Despite its popularity, many companies are still uncertain about what they can achieve with the technology. Certainly, the concept of Process Mining – the power to control your processes – sounds good enough to start using immediately, yet there is still some hesitation.
To simplify things, we’ve narrowed down the advantages of using Process Mining to two, simple reasons:
- Improve efficiency
- Decrease risk
From our experience, these two reasons are fundamental to Process Mining. They aren’t mutually exclusive, as they can be relevant to the same process. They do, however, influence the approach taken in the Process Mining solution and when performing analysis.
So, before we go in-depth about how it affects analysis, let’s take a closer look at each reason.

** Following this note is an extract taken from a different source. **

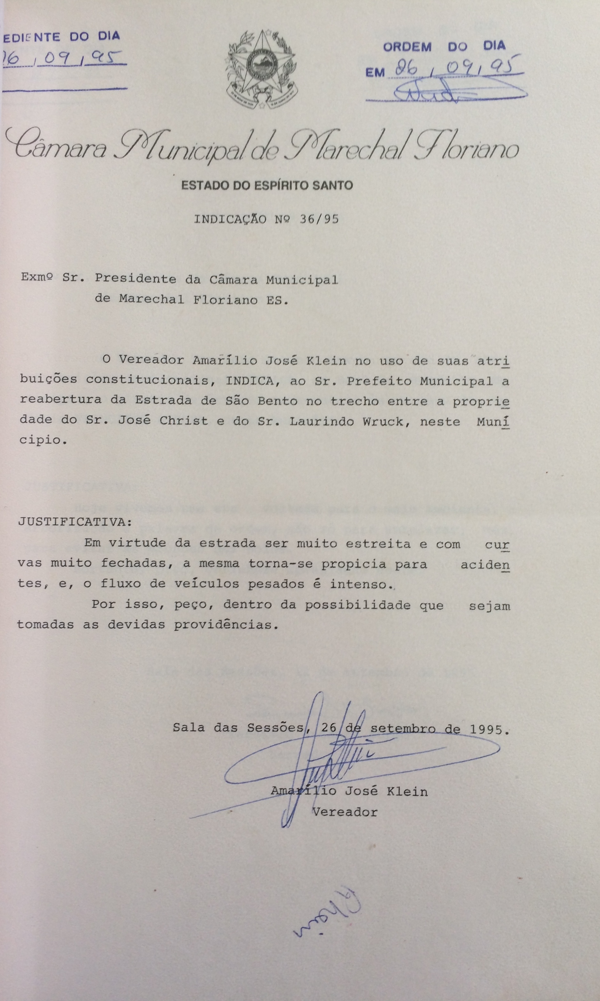 Ementa: INDICA A REABERTURA DA ESTRADA DE SÃO BENTO NO TRECHO ENTRE A PROPRIEDADE DO SR. JOSÉ CHRIST E DO SR. LAURINDO WRUCK, NESTE MUNICÍPIO.

The constant drive for efficiency is the bane of many C-level managers, who face pressure from all directions: customers, investors, competition, financial markets and more. Therefore, a sure-fire way of deflecting pressure is to increase efficiency.

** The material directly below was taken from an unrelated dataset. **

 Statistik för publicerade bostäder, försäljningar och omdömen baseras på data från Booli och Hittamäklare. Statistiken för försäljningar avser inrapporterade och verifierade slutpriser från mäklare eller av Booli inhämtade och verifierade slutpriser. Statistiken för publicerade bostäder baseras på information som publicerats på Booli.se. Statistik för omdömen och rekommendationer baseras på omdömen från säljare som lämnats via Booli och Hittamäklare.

It sounds easier said than done, but it can be made surprisingly simple with Process Mining. Once inefficient processes have been identified through Process Mining, organizations can be targeted and decisive in their decision making, increasing efficiency and saving substantial costs as a result.

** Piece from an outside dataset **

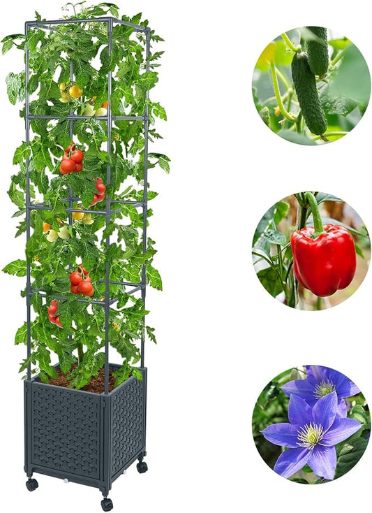 GREEN MOUNT Raised Garden Bed Planter Boxes with Trellis for Climbing Vegetables Plants, 56.7" Tomatoes Planters Outdoor Tomato Cage w/Wheels
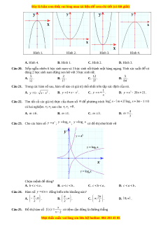ờ gian: 90 phút (Không k t ể h i ờ gian phát đ ) ề Câu 1. Hàm s nà ố o dư i ớ đây đ ng bi ồ n ế trên kho ng ả 0; ? y l og x A. y l og x y x y l og x 3 . B. log e . C. 2 . D. 2 2 . e 3 Câu 2. V i ớ giá trị nào c a

Let’s take an example. Production processes need to run like a well-oiled machine to produce high-quality products. That is, the entire production process, as well as individual activities, need to be profitable with a short time to market. Process Mining ensures most bottlenecks in the production process are identified and prevented, while still producing a high-quality product for customers.
The second basic reason to use Process Mining is to identify potential risks and ensure they are avoided. Naturally, there are some processes where decreasing risk is more important, such as financial processes, where companies have more to lose.
In financial processes, small errors can have big consequences, for instance, when an invoice is paid twice, or a payment isn’t processed at all, or unbudgeted costs need to be allocated as unexpected expenses.
The risk reduction perspective is important for processes where outliers need to be reduced as much as possible.
Let’s look at an example of a transportation company. For their customers, on time delivery is of utmost importance. Deviations from the ideal process can hugely impact revenue and long term customer satisfaction. Deliver a day early and there is no space in the warehouse, deliver a day late and cause further delays along the supply chain. Using Process Mining, our client was able to identify outliers and use this information to make adjustments, resulting in reduced costs and happier customers.
In a similar vein, regulation compliance processes largely rely on risk avoidance. All companies need to comply with certain regulations. For instance, companies need to file tax returns with authorities periodically. If not done on time, they may not receive their tax discount.
What effect does this have on analysis?
In short, the efficiency perspective looks at the majority of the cases within a process and aims to fine-tune where the most gains are realized. With a risk reduction perspective, the focus shifts to the outliers of the process, ensuring the process runs between certain boundaries.
In more detail, when analyzing a process from an efficiency viewpoint, you want the changes that you make to affect most of the cases within your process. For example, if you can decrease the throughput time of 80% of your executions by one hour, you’ll be more effective on overall throughput time, rather than if you looked at individual outliers. In short, the more cases are affected by the changes that you make, the more effective your changes are and the more efficient the process becomes.
For processes that rely on risk management, you’ll have to pay more attention to the outliers. Assuming the desired process flow is low risk, the process that does not follow the recommended path and has a few deviations will probably be riskier. To reduce the outliers, you want to reduce the variations of process execution, by analyzing why these cases do not follow the most common paths.
So, there you have it, two reasons to start using Process Mining and how it affects process analysis. To sum up, whether you want to reduce risk, improve efficiency or if both are a priority, Process Mining is a proven method of optimizing your processes. Once you have a clear overview of your processes, it’s possible to implement the necessary and appropriate changes for continuous process monitoring and improvement.